Fig 6.

Scavenger receptor inhibitors lead to a decreased phagocytosis level of CC17 GBS in macrophages. (A, B, E) Phagocytosis level in THP-1 macrophages was assessed by CFU count after infection at MOI 10 with (A, E) BM110 or (B) NEM 316 GBS strains followed by 1 h antibiotic treatment to kill extracellular bacteria. (A) Macrophages were pre-treated 1 h before infection to block FCγ receptors (Fc Block), complement receptor 3 (CR3 blocking antibody), lectin receptors (mannose, mannan, laminarin), integrins receptors (RGD and RGDfV mimetic peptides), or (A, B) scavenger receptors inhibitors [Fucoidan and poly(I) or inactive analog poly(C)]. (A, B) Results are expressed as the percentage of phagocytosis relative to the untreated control condition except for poly(I) that was relative to its inactive analog poly(C). (C) Adhesion level in untreated or fucoidan treated-THP-1 macrophages was assessed by CFU count after infection with BM110 and NEM316 at 4°C to avoid bacterial engulfment. Results are expressed as the percentage of phagocytosis relative to the untreated control condition. (D) Expression of scavenger receptors genes was assessed by RT-PCR using THP-1 macrophages (macro), THP-1 monocyte (mono), and hMDM cDNA. Actin and VE-cadherin gene expression was used as positive and negative controls of expression, respectively.
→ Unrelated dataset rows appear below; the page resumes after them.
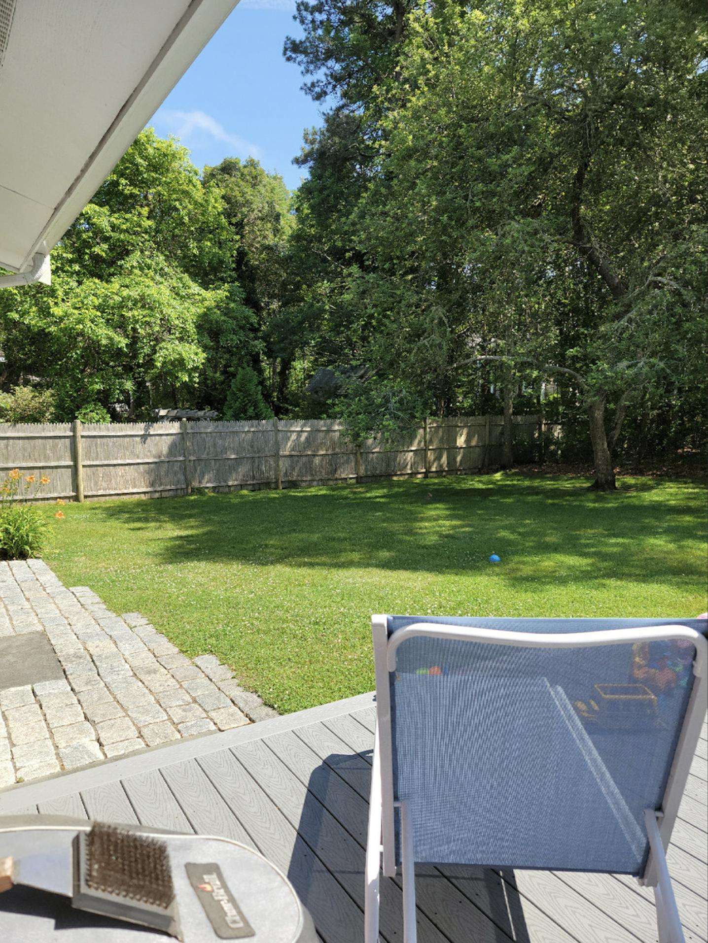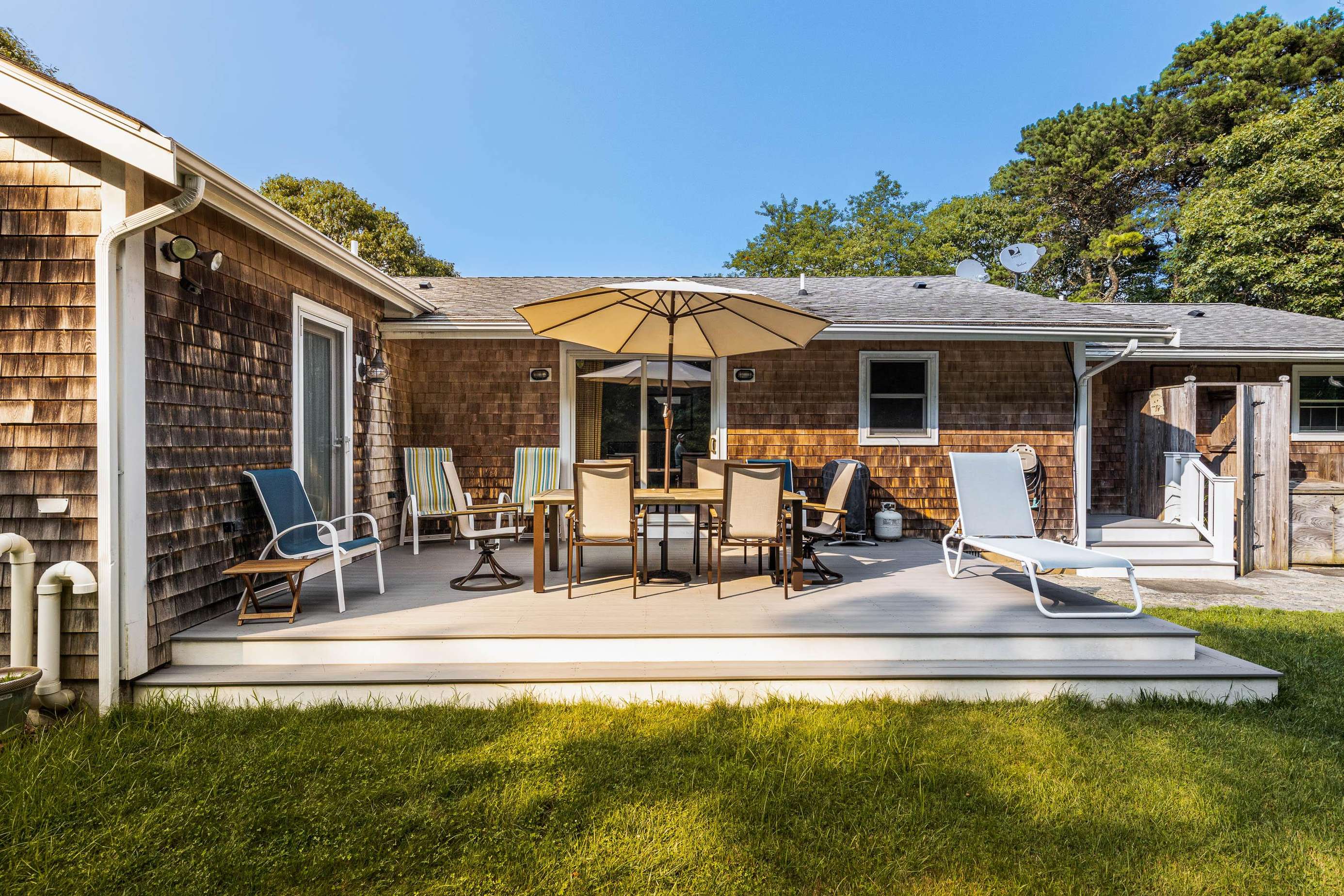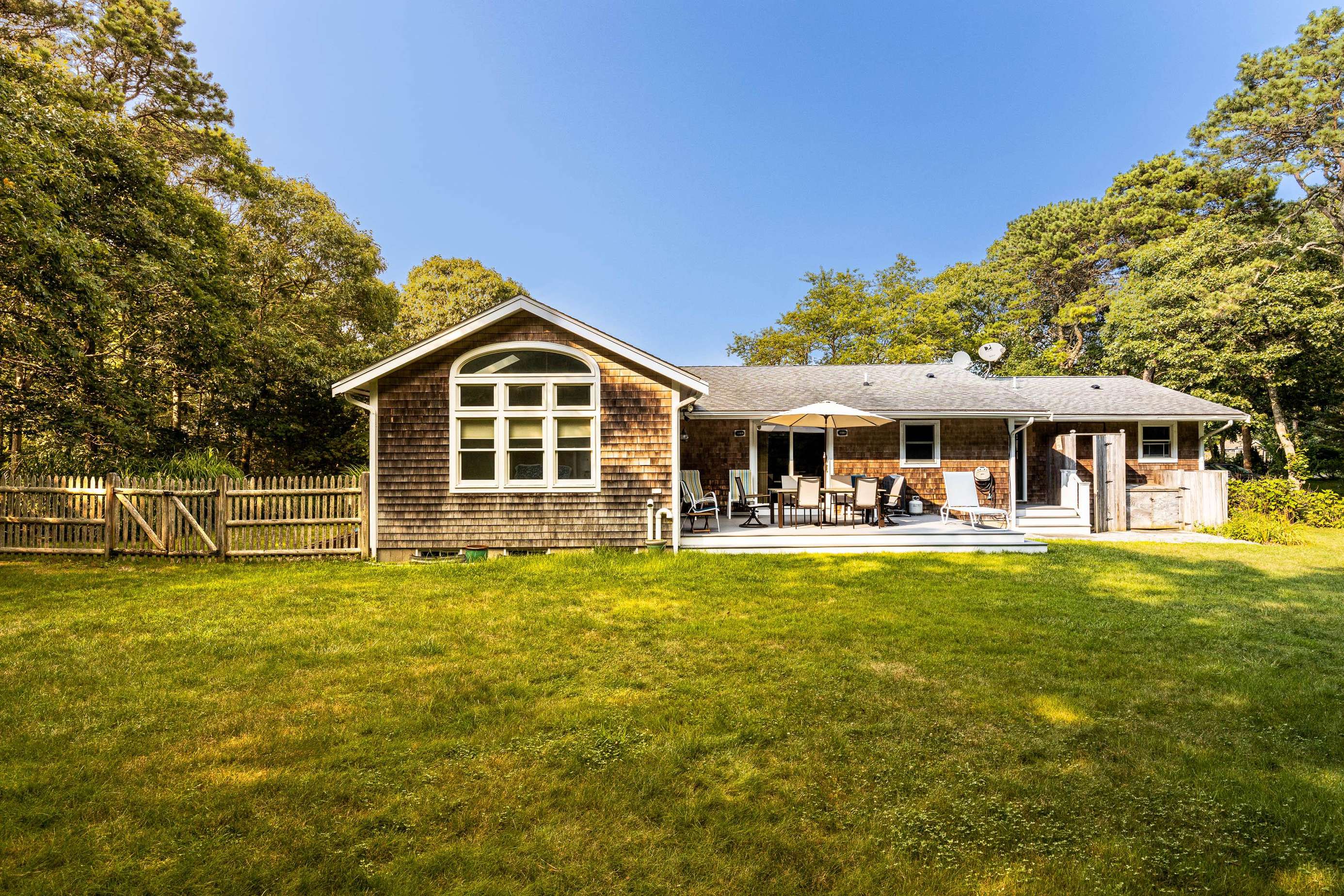 Outdoors, enjoy a sunny back deck with dining and lounge areas, surrounded by lush greenery for privacy. Fire up the grill, unwind in the fresh Vineyard air, or rinse off under the outdoor shower after a day on the sand.
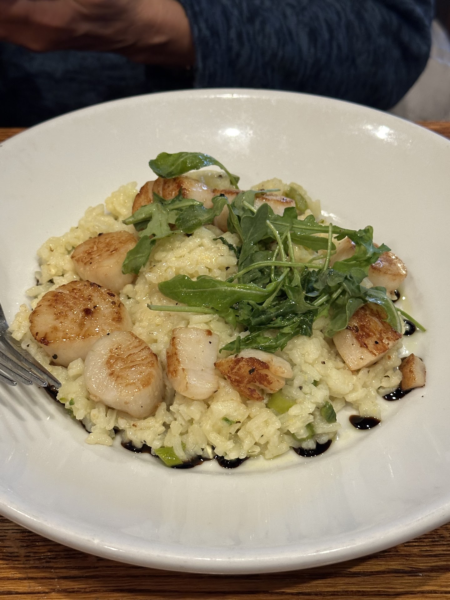 The salad arrived with an absolutely beautiful presentation but, as was the case with the soup, it was bland and disappointing. I’m not a chef, not even close, but here’s my reaction/suggestion regarding the salad. Fwiw, I asked for it without the cashews. The salad has plenty of crunch with just the crispy thingies on top of the salad. There’s no need for the banana chips. Likewise, the banana slices themselves added nothing but confusion to the salad. What was I supposed to be tasting? What would give the salad some “punch”/flavor? For my taste, I wish there had been double the dollops of what I think was wasabi. THAT would have given the salad some flavor. What was my lasting impression of the salad. Flavorless crunch. It wasn’t a bad salad; it just had no flavor.
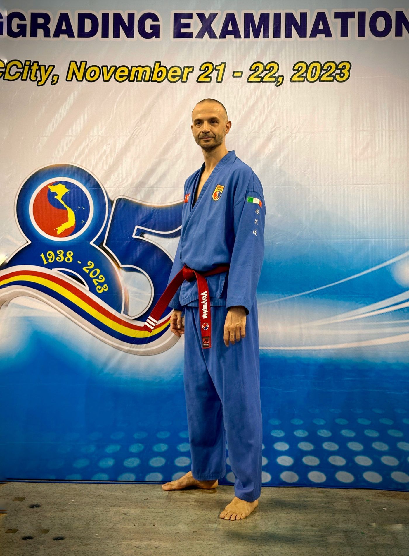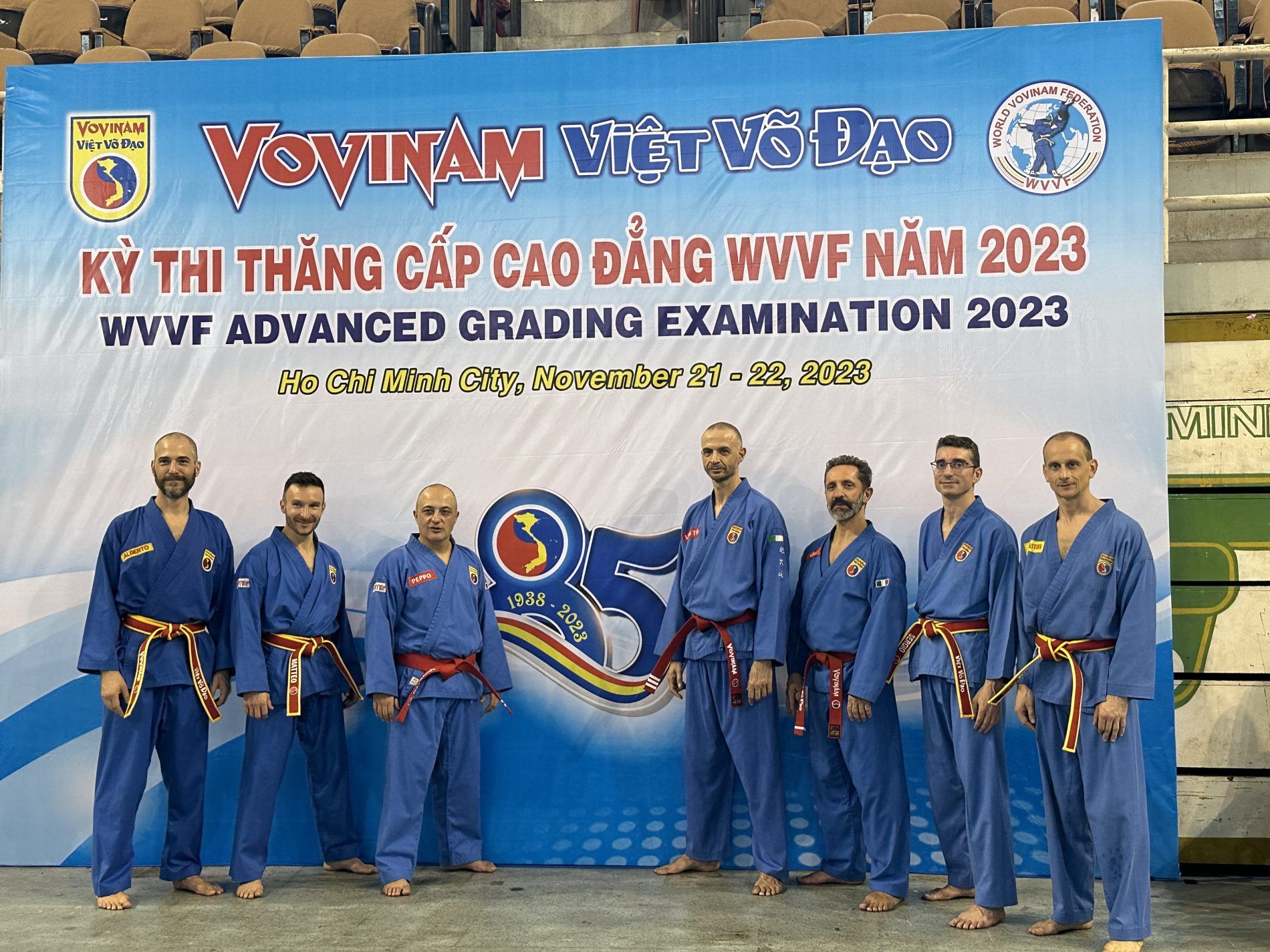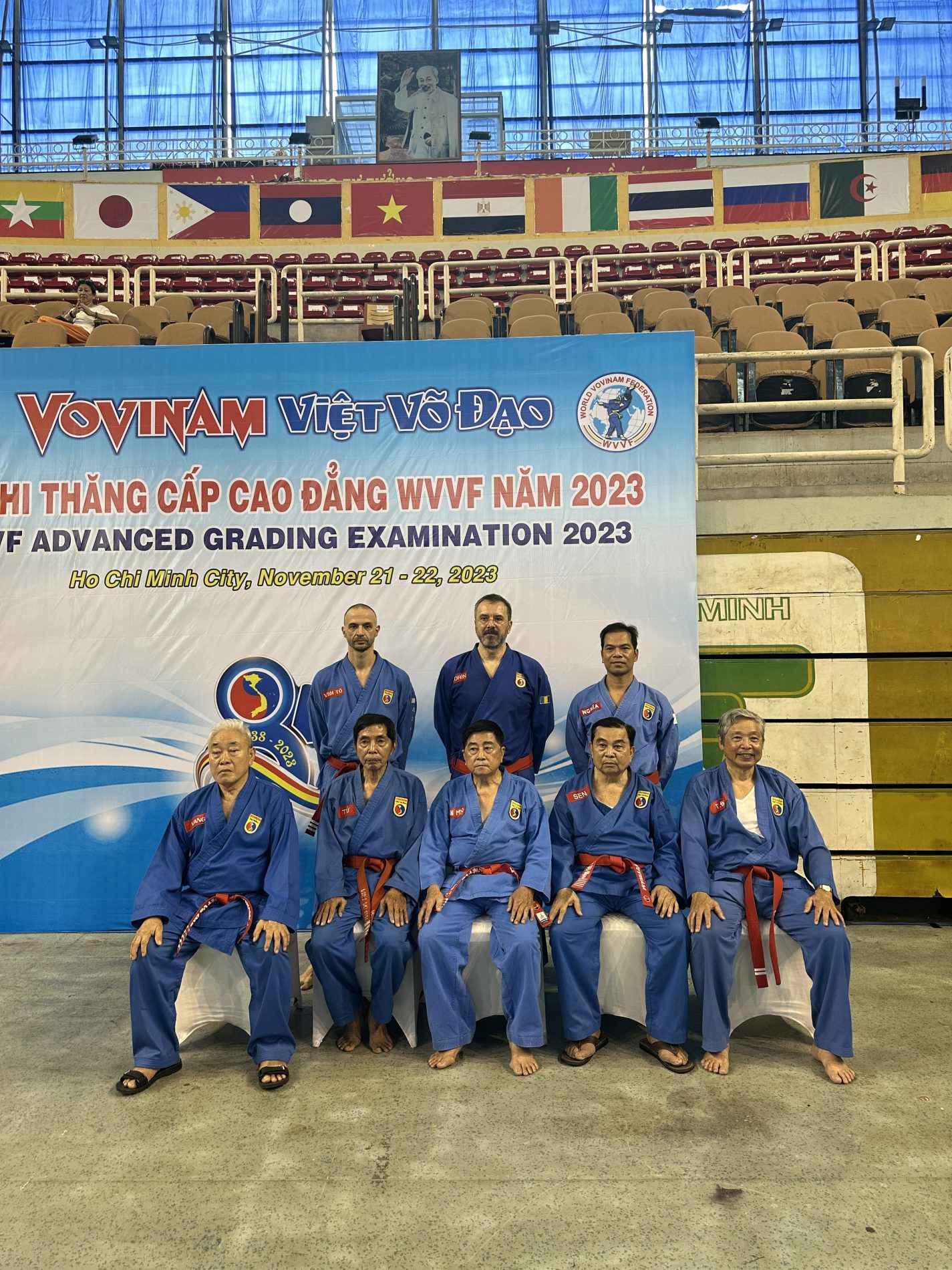 Il motivo è nato dal fatto che per la prima volta, dopo la sessione di maggio 2023, è stata organizzata una sessione per il grado di Cintura Rossa 3° cap (Hong Dai Tam Cap), ossia il 7° dang. Vista l’importanza, oltre che essere la prima per dei candidati non vietnamiti, il Consiglio dei Maestri ha deciso di organizzarla un giorno prima. La sessione si è tenuta presso il TO DUONG in una forma “quasi” privata. Mentre gli esami dal 4° dang al 6° dang nella sessione del 22 Novembre presso il Phu Tho Stadium.
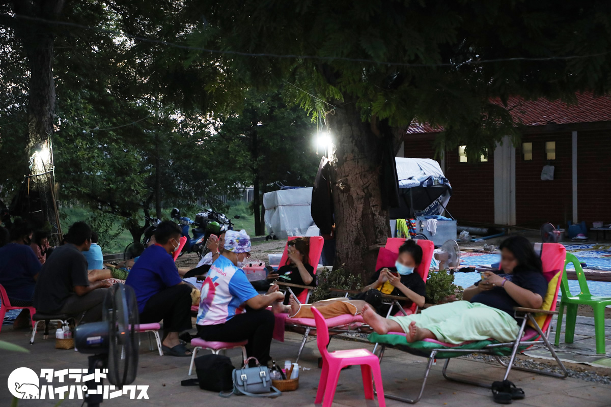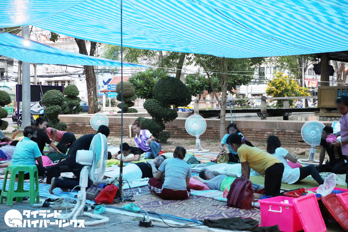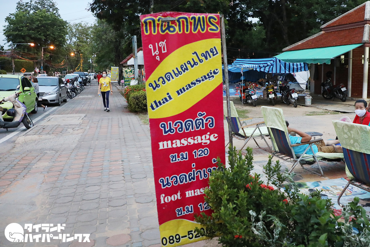 実はこれは夕空の下のタイ式マッサージ店。価格は全身マッサージもフットマッサージも1時間120バーツと安く、気軽にマッサージを受けられるんですね。
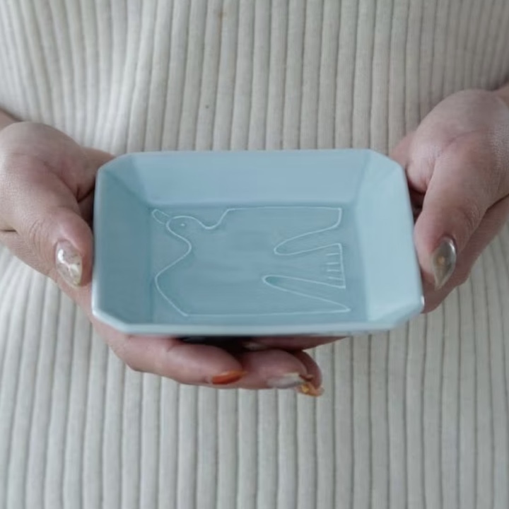 白色顏料繪製的鳥兒營造出清新的氛圍,
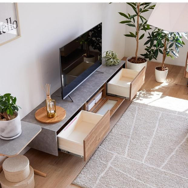 お気に入りのメディアがたっぷり収納できる引き出しが左右に付いています。リビング小物や生活用品を収納するのにも役立ちます。
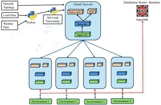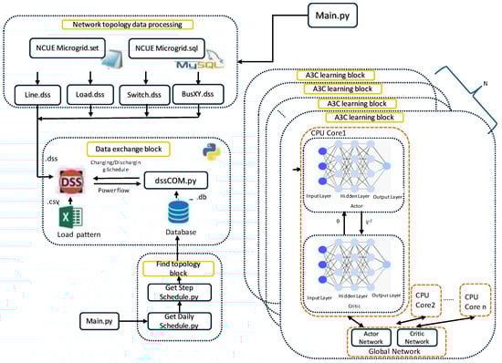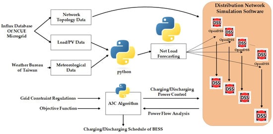 In the study by Huang et al. [18], a power system simulation platform was developed, as depicted in Figure 1. The original computing framework was designed as a single instance of OpenDSS to calculate power flow during each charging and discharging period of the BESS. In this framework, historical load data, measured from smart meters, are collected in the influx database of the NCUE microgrid, while meteorological data are sourced from the Central Weather Bureau of Taiwan. A Python-based load forecasting program was developed to analyze the data. Load and DER patterns stored in the database are converted into .csv files for further processing. The distribution network files are also converted into OpenDSS scripts (.dss) using a Python program, enabling time series power flow analyses (in 15-min intervals) in OpenDSS. OpenDSS, a distribution system simulator, supports the integration of DERs and facilitates microgrid operation studies. To optimize the energy management system, a Python-based optimization algorithm was created to interface with the OpenDSS model. This algorithm modifies network topologies and computes power flow, leveraging grid constraints and objective functions. The proposed A3C algorithm then calculates the optimal charging and discharging schedule for the BESS, ensuring a balance between power supply and load demand. This approach accounts for daily variations in weather conditions, enhancing the energy management of the NCUE microgrid.
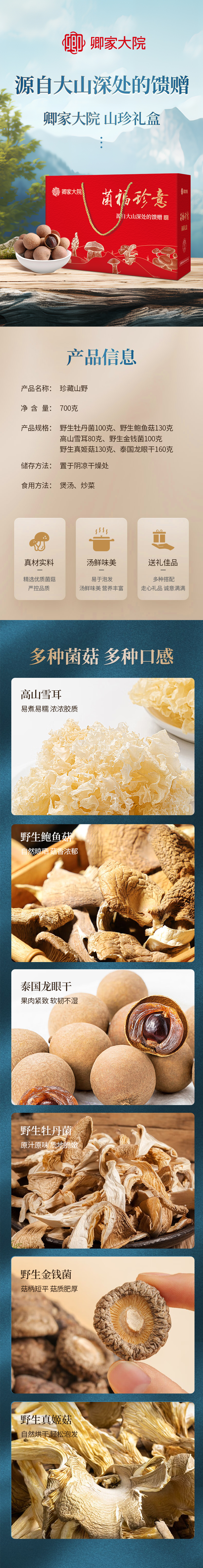 商品名称:卿家大院菌福珍意珍藏山野干货礼盒700g
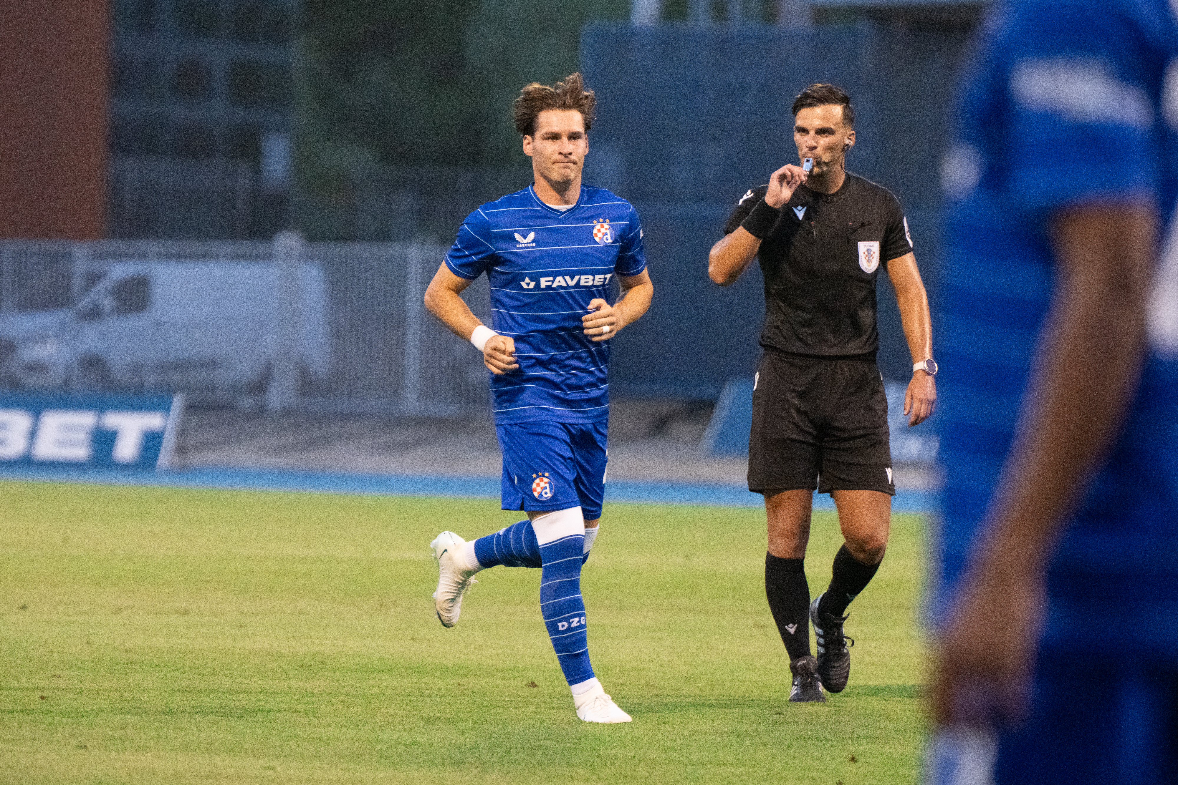 Lukavo je potom Mišić pokušao izravno iz kornera, oštro je efeom gađao bliži donji kut, a vratar Kemkin jedva izbio loptu. Sjajnu su akciju u zadnjim sekundama prvog dijela priredili maksimirski nogometaši, bili su to atraktivni vezovi iz prve, “pleli” su Ljubičić, Vidović, potom i Matteo Perez Vinlöf koji je zavrnuo pred gol, a Kevin Theophile u punom naletu lansirao loptu uza samu vratnicu.

Genomic DNA (gDNA) was used to validate primers efficiency. (E) The involvement of scavenger receptors on BM110 phagocytosis was assessed by silencing scavenger receptors expression by si-RNA. Results are expressed as the percentage of phagocytosis relative to the scramble control condition. Statistical analysis: data shown are mean ± SEM of at least four independent experiments. (A, B, E) Kruskall Wallis test with Dunn’s multiple comparisons or (C) t test was performed, with ns, non-significant; **P < 0.01; ***P < 0.001; ****P < 0.0001.